Johnson’s voice isn’t lacking in power, but it’s a power that’s melodramatic, campy and grandly theatrical, a voice that’s unapologetically queer and unconcerned with rock’s predilection for machismo. He spends the first verse of the lead single “Rage Hard” crooning in an exaggerated David Bowie-esque baritone, and yelps the title of “Maximum Joy” as if the synth droplets in the background are running down his back. He may not have been fully on board with the band’s new, heavier direction, but he commits to it completely in his own way, and in doing so, Johnson wills even the album’s weaker songs to life.
And besides, to Johnson’s benefit, it’s not like Frankie abandoned dance music completely. The aforementioned “Maximum Joy” is built on a bed of shimmering, crystalline synths and cleverly spends most of its runtime teasing a bass drop that only happens in its final minute; “Lunar Bay,” the album’s strongest cut, puts a heavenly descending chord sequence over a muscular groove that bridges the gap between Frankie’s hi-NRG past and the late-’80s dance production styles that Johnson and Rutherford would explore in their solo careers.
The album ends with the lighters-aloft ballad “Is Anybody Out There,” closing Liverpool in much the same way that “The Power of Love” closed out Pleasuredome. When Johnson sings lines like “The highest price I’d gladly pay / For you to live just golden days,” it’s pure maudlin showbiz cheese, but it feels 100 percent sincere. While it’s true that there’s an occasional self-consciousness to Johnson’s newfound lyrical ambition on Liverpool (as if he’d realized, in a panic, that the provocateur role he’d cast himself in was quickly becoming a straitjacket), the total ease with which he slips into power-balladeer mode makes a winning case for why he was born to be a star. Ned Raggett once wrote that Johnson “didn’t quite turn out to be the new Freddie Mercury, but he makes a much better claim than most,” a comparison that seems predicated more on them both being gay than any similarities in their singing voices. But in the moments when both singers address their audiences directly, you can see the similarities more clearly. Like Mercury, Johnson is a born entertainer whose ultimate goal is to uplift, and he sings the word “we” as if it’s meant to include every single person in his audience.
Johnson and Mercury were also similar in another, more unfortunate respect: in 1991, the same year Freddie Mercury passed away from AIDS, Johnson learned he was HIV-positive; he began writing his memoir, A Bone in My Flute, with the understanding that he didn’t have long to live. Luckily, he’s still with us. The same year his memoir was published he released the single “Legendary Children (All of Them Queer)” in celebration of the gay icons who inspired him.
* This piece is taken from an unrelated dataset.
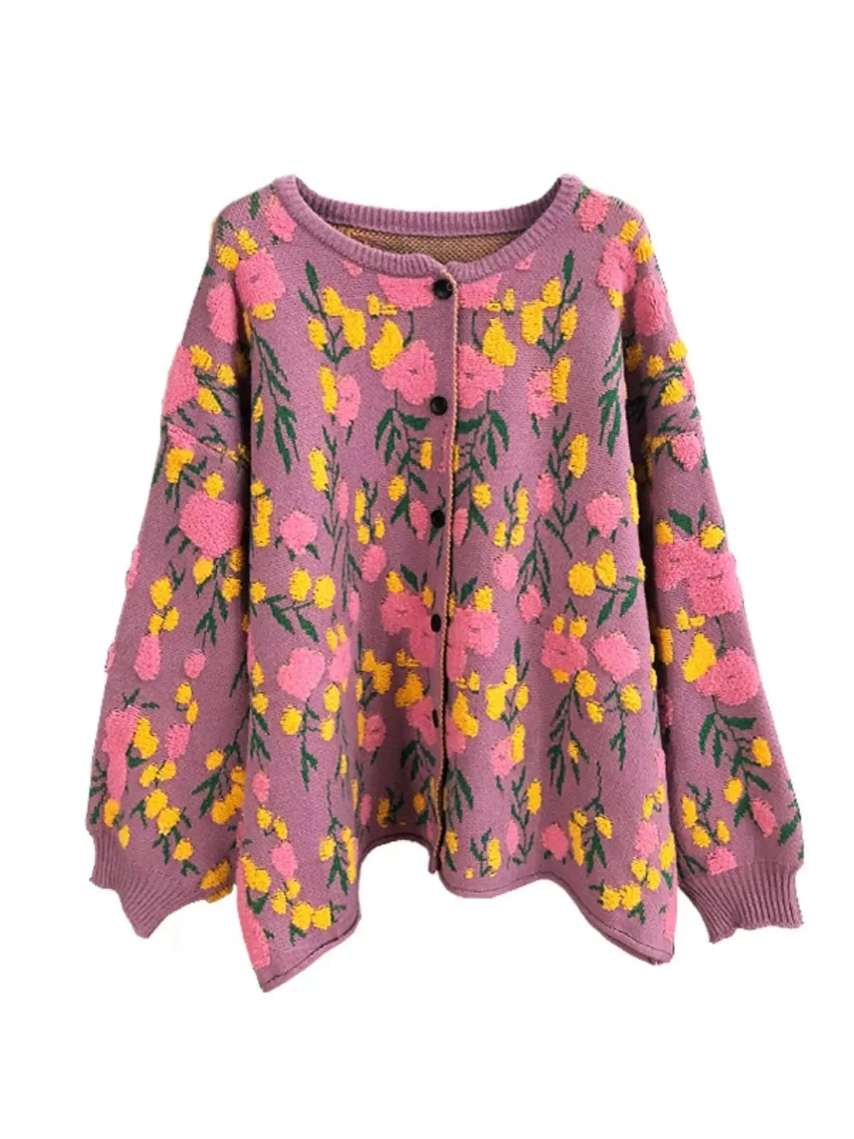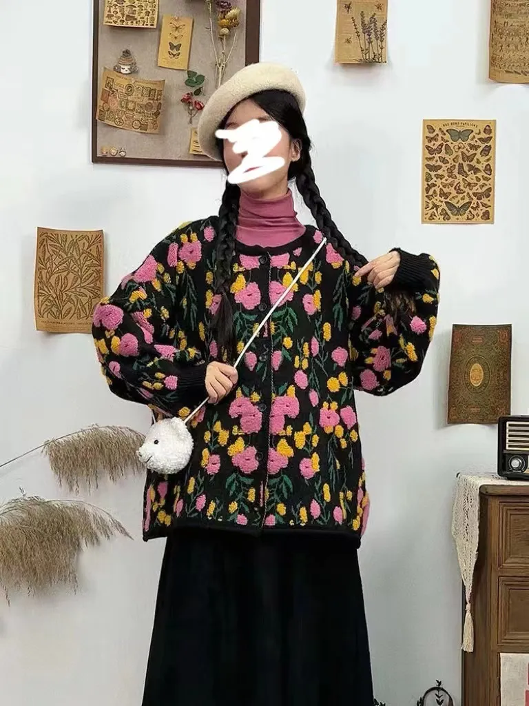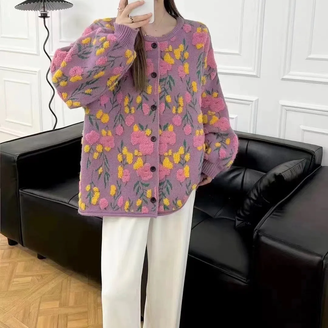 衣都精品- 2023新款超美立體花朵圓領針織外套

The rest of the Frankies are with us, too, and all of them have continued making music in some form or another, together and apart, in the years since their 1987 breakup. In a 2013 interview, Rutherford teased that he has a finished solo album waiting in the vaults, one which he called “the most revolutionary thing I have ever written.”
Hyperbole? Maybe. But we never loved Frankie for their modesty.